"A Wrinkle In Time" by Madeleine L'Engle (published 1962)



Newbery Award winning classic children’s story, “A Wrinkle In Time” (1962), by Madeleine L’Engle, is a delightful science fiction and fantasy tale incorporating very real scientific concepts such as a *tesseract* (geometry: the generalization of a cube to four dimensions). To *tesser* means to travel beyond the rules of time and space, which is exactly what Meg, her brother Charles Wallace, her father, a friend named Calvin, and three old women (Mrs. Whatsit, Mrs. Who, and Mrs. Which), do to save one another from being incorporated into a dark planet far from home called Camazotz. 

“A Wrinkle In Time” is not quite *hard* sci-fi (concerned by actual scientific accuracy), nor is it necessarily dystopian, although it steers close to both. L’Engle sprinkles a good amount of fantasy elements (such as Charles Wallace’s powers of intelligence and the angelic-like qualities of Mrs. Whatsit, Mrs. Who, and Mrs. Which), offering a brilliant escape from the mundane into a world both frightening and miraculous. And the world-building elements in “A Wrinkle In Time” explore a multi-layered universe in which no planet is the same, and where it is a great difficulty for the characters to explain certain phenomena (a dark shadow of seemingly negative space, the transformation of a human to a beautiful beast, the sensation of being in a 2-dimensional world… it goes on). So instead of hearing the children’s explanations, the raw emotional experience is shared with the reader through L’Engle’s use of the third person point of view. Readers become observers; witnesses. For some, not everything will be graspable, but that’s OK – for just a second it may make sense, and that’s all that is needed to enjoy the story, just as the characters do within the pages.

With all these crazy and sometimes silly components, there is humor to be found in the book as well. Mrs. Who, for instance, continuously quotes famous passages from classic texts. She doesn’t forget to tell us by whom these quotes were written or said, and she always quotes in the original language first. Seneca, Pascal, Euripides, etc. The fun starts when these passages sync up in unexpected and thoughtful ways with the plot…
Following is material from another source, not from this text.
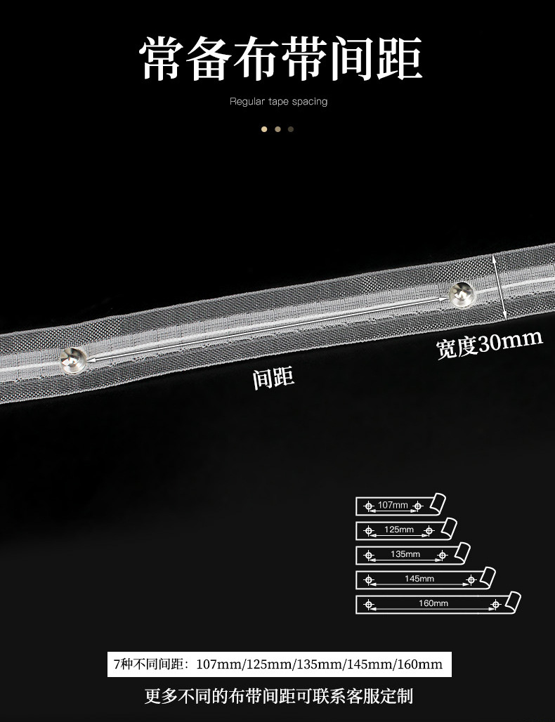 창 스크린 물 커튼 S 폴드 천 벨트 용 보이지 않는 천 벨트가있는 다양한 간격 3cm 투명 뱀 커튼스토어 가기
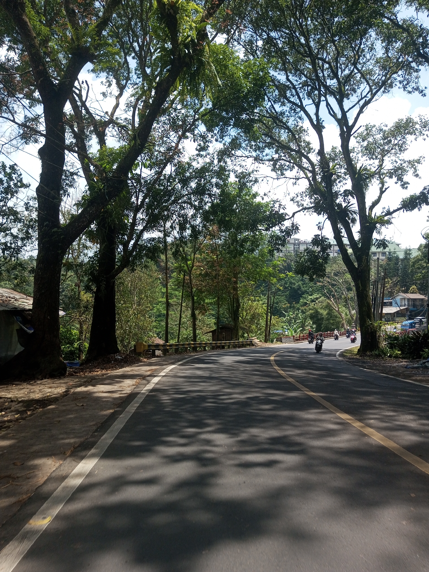 A black asphalt road with a yellow centerline curves through a forested area. Tall trees line both sides of the road, casting shadows on the pavement. A white line marks the edge of the road on the left. Motorbikes are visible in the distance on the road, traveling away from the viewer. A guardrail is present on the left side of the road in the background. In the distance, buildings are visible on a hillside amongst the trees. The sky is partly cloudy. This scene is located near Kioumaknao 2, Laos.

The story begins with Meg, her brother Charles Wallace, and their mother (a scientist), missing their father (their mother’s husband, a scientist too) terribly. One night there is a heavy storm, and awakened, the three each go to the kitchen, not expecting to find one another there. But when they do, the warmth and comfort they gain from one another is shaken up by an unexpected visitor… and there beings an adventure of bravery, love, friendship, and family. “A Wrinkle In Time” is the first book in the Time Quintet Series by Madeleine L’Engle.